Following the Postal Regulatory Commission’s second rejection of proposed Standard Mail rate changes, the U.S. Postal Service has postponed its original April 26 implementation date. An “Industry Alert” sent to customers by the Postal Board of Governors late last week said that no date would be set until after PRC approval is received for market-dominant rates.
“This decision was primarily motivated by a desire to eliminate potential adverse impacts on postal customers that might result from a staggered implementation of our new prices,” read the notice. “After considering the complexity of the required programming changes…[and] the specific complications that our customers might face…the Postal Service has decided to delay implementation until all of our proposed rates and classification changes can be implemented at one time.”

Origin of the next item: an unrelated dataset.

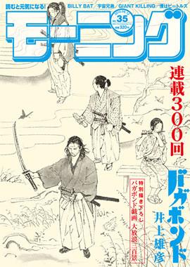 Vagabond last ran in this year's 35th Morning issue (pictured at right), which shipped on July 29. Inoue also drew the cover of that issue to mark the 300th installment of Vagabond. Inoue had announced that he would end the series this year, but his hiatus has delayed the planned finale until next year.

On March 6, the PRC had bounced back to USPS rate changes on Standard Mail, Periodicals, and Package Services, citing lack of compliance with regulations. The Postal Service’s amended proposal was rejected on the 18th due to inconsistencies in accounting and the lack of an explanation for failing to apply Q4 data to its calculations.
“We have no desire to saddle our valued customers with the additional costs and burdens of a staggered implementation while we work with the PRC to obtain final approval of our remaining prices,” the notice said. ”We will set a new implementation date when we propose new prices for Standard Mail, Periodicals, and Package Services in response to the PRC’s March 18th remand order.”